Держа в руках полные бумажные стаканчики с ледяной газировкой, отец и сын прошли мимо парковых туалетов с плоскими крышами, где совсем недавно изнасиловали мальчика чуть помладше Марко, пока его мать переминалась в двух шагах от уборной. По соседней дорожке прошел мужчина с собакой. Мужчина был тощий, как глиста, а его собака была наглая и такая раздутая, что напоминала искусственный спутник. Лужайки представляли собой сплошное грязно-бурое месиво из земли и собачьего дерьма. Когда они уселись на скамейку, Марко уставился вдаль с бесхитростным удивлением во взгляде, каждые несколько секунд поворачивая и поднимая голову, чтобы взглянуть на изумленный профиль отца. Если бы мальчик посмотрел на дымящие трубы больницы, на угрюмых субъектов, на фигуры, нетвердой походкой бредущие из пабов, а потом посмотрел бы на отца, лицо которого постоянно подергивалось от множества немых вопросов, он не увидел бы никакой разницы.
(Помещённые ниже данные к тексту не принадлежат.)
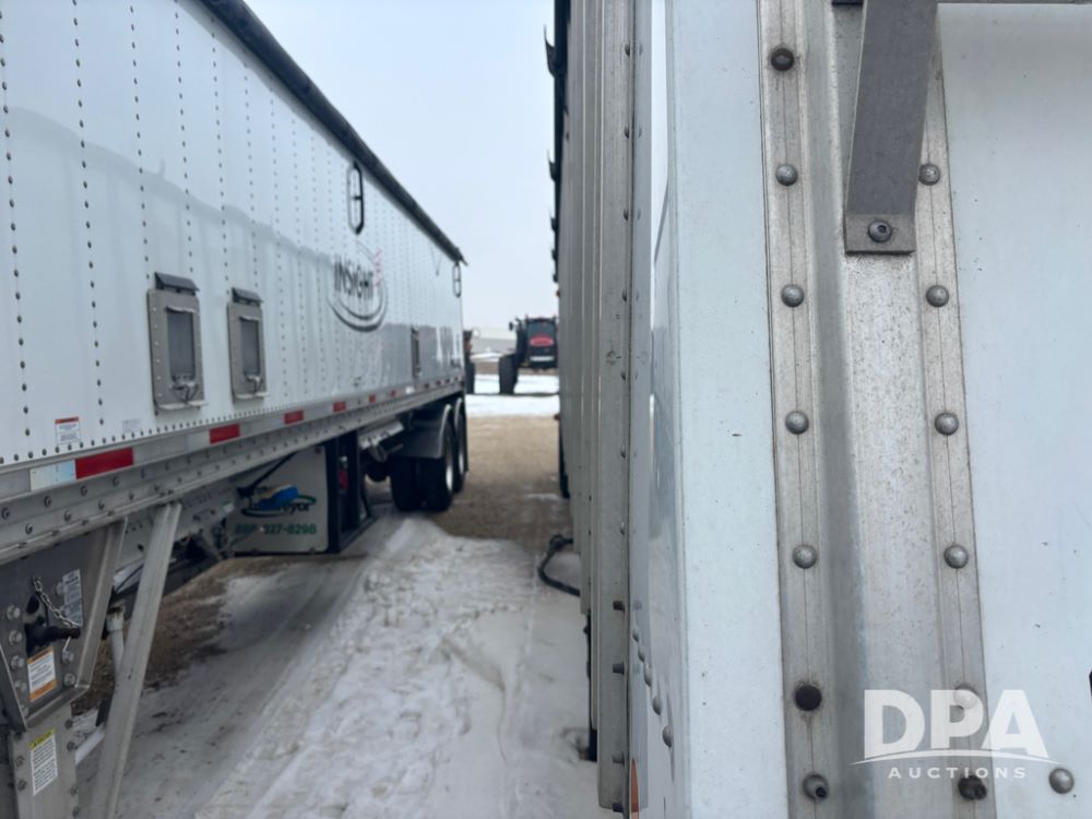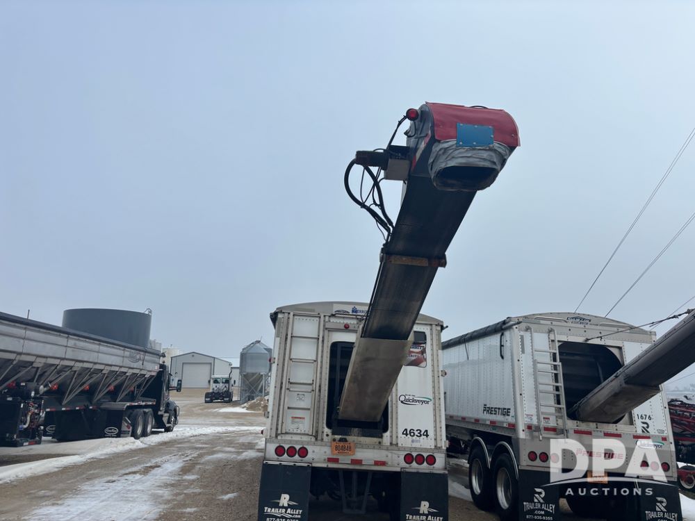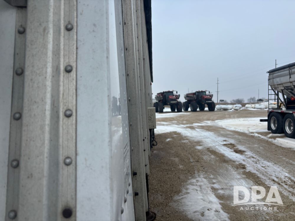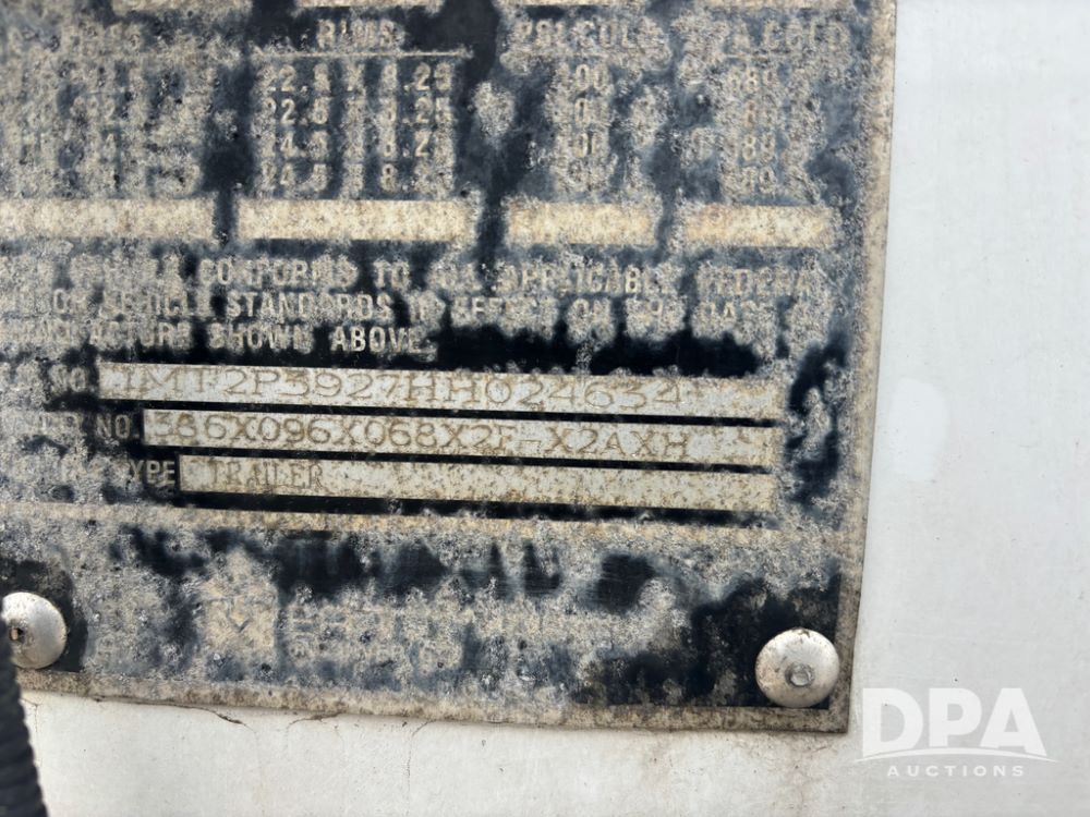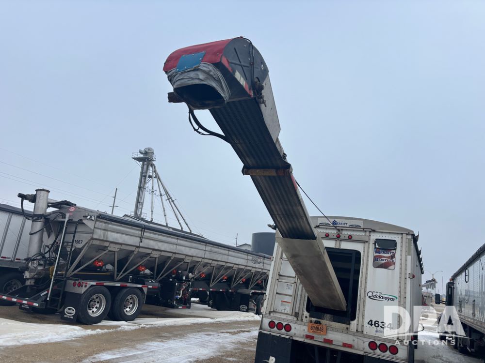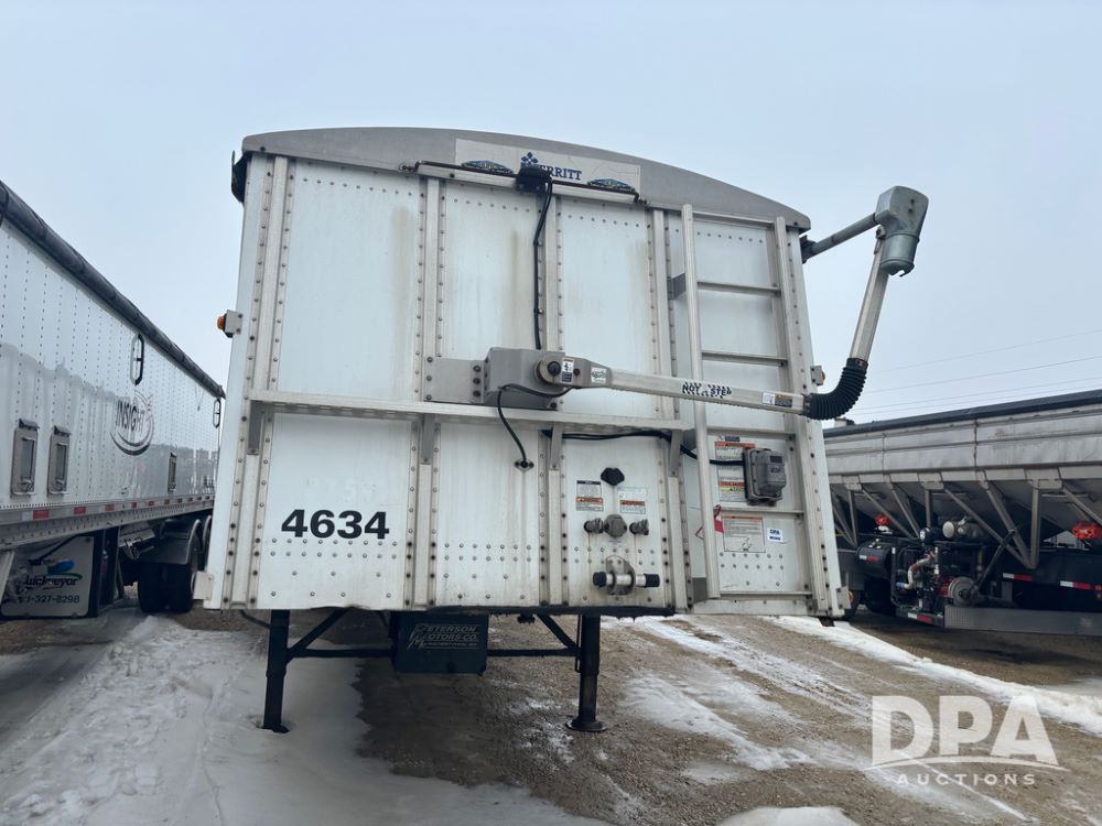 2017 Merritt Dry Trailer (DR12896 Unit 4634), 40' aluminum dry tender trailer, self contained hydraulics w/Honda gas engine and electric start, rear discharge conveyor, electric roll over tarp, side sight glass windows, tandem axle, 22.5 tires, outside aluminum wheels.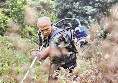 10月29日,细雨霏霏,山雾朦胧,在长汀县三洲镇戴坊村的红旗岭上,“断臂铁人” 兰林金正身背除草机清除茶园杂草。今年59岁的退伍军人兰林金,双手伤残,一只眼睛失明,系一级伤残者。从2010年起,他以顽强的毅力、愚公移山的精神,克服了常人无法想象的各种困难,用残缺的双臂挖了8万多个树坑,种下850亩油茶、400亩毛竹、130亩脐橙、70亩中草药、30亩晚秋黄梨等。如今,种植7年多的油茶进入盛产期,仅油茶果就可采收1万多斤。站在红旗岭上举目四望,昔日一片光秃秃的“火焰山”,在兰林金的辛勤努力下,变成满目青翠、生机盎然的“金银山”。

Ричард был погружен в свои мысли, если, конечно, «мысли» — это то слово, которое нам нужно (так что займемся обычным делом — извлечем эти мысли из бессвязного лепета, в котором они тонут). Нельзя продемонстрировать, доказать, установить — нельзя узнать, хорошая перед вами книга или плохая. Возьмите отдельную фразу, строчку, абзац: никто не знает, хороши они или нет. Высокомудрые литературоведы из Кембриджа целый век уверяли нас в обратном, но так и не сказали ничего толкового. Какая из этих строк Вордсворта лучше: «Как вдруг очнулся пред толпой» или «Есть мысли, что порою глубже слез»? (Вторая строка, пожалуй, лучше, однако и в ней есть очевидный изъян: это «порою» вставлено исключительно, чтобы сохранить ритмический строй.) И. А. Ричардс вновь собрал рассыпанную на части человеческую мысль, сделав ее способной на такую догадку. Уильям Эмпсон предложил применить количественную теорию ценностей к тому, что было двусмысленным, сложным, а стало быть, хорошим. Ливис заявил, что хотя мы не можем выносить суждения о литературе, мы можем выносить суждения о жизни, так как суждение о жизни в равной степени относятся и к литературе! Однако жизнь и литература — это разные вещи. Спросите у Ричарда. Спросите у Деми или у Джины. (Спросите у Скуззи, у Баца, у Звена, у Тринадцатого.) Спросите мужчину с толстой собакой. Спросите толстую собаку… То, что делает Гвин, — это нехорошо. Это очевидно, но недоказуемо. Шея Ричарда скривилась от боли. Он представил себе ходячий рекламный «бутерброд» на Оксфорд-стрит («ГВИН БАРРИ — ЭТО ПЛОХО»), некий вития вещает под стрелой Амура («Гвин Барри — это плохо»), проповедник-миссионер на ветру под дождем распространяет слово истины в Онгаре, Апминстере, Стэнморе и Мордене: «Гвин — это плохо». Уличные ораторы — люди, забравшиеся на перевернутые ящики из-под молока, — они похожи на школьных учителей, но на самом деле они безумнее любой крысы. Уличных ораторов больше не найдешь на углу с южной стороны Мраморной арки. Теперь их можно было увидеть на любом другом углу, точнее, в любом уголке Лондона. Таким образом, их голоса становятся все громче и пронзительнее: естественное право, космополитический капитал, Нравственное Перевооружение, американский ангел по имени Морони, дьявольская природа электричества. И вот Ричард Талл, прибегая к умелому использованию цитат и технике пристального чтения, абсолютно бесспорно доказывает своим трем или четырем необычно внимательным слушателям, что Гвин Барри — это плохо.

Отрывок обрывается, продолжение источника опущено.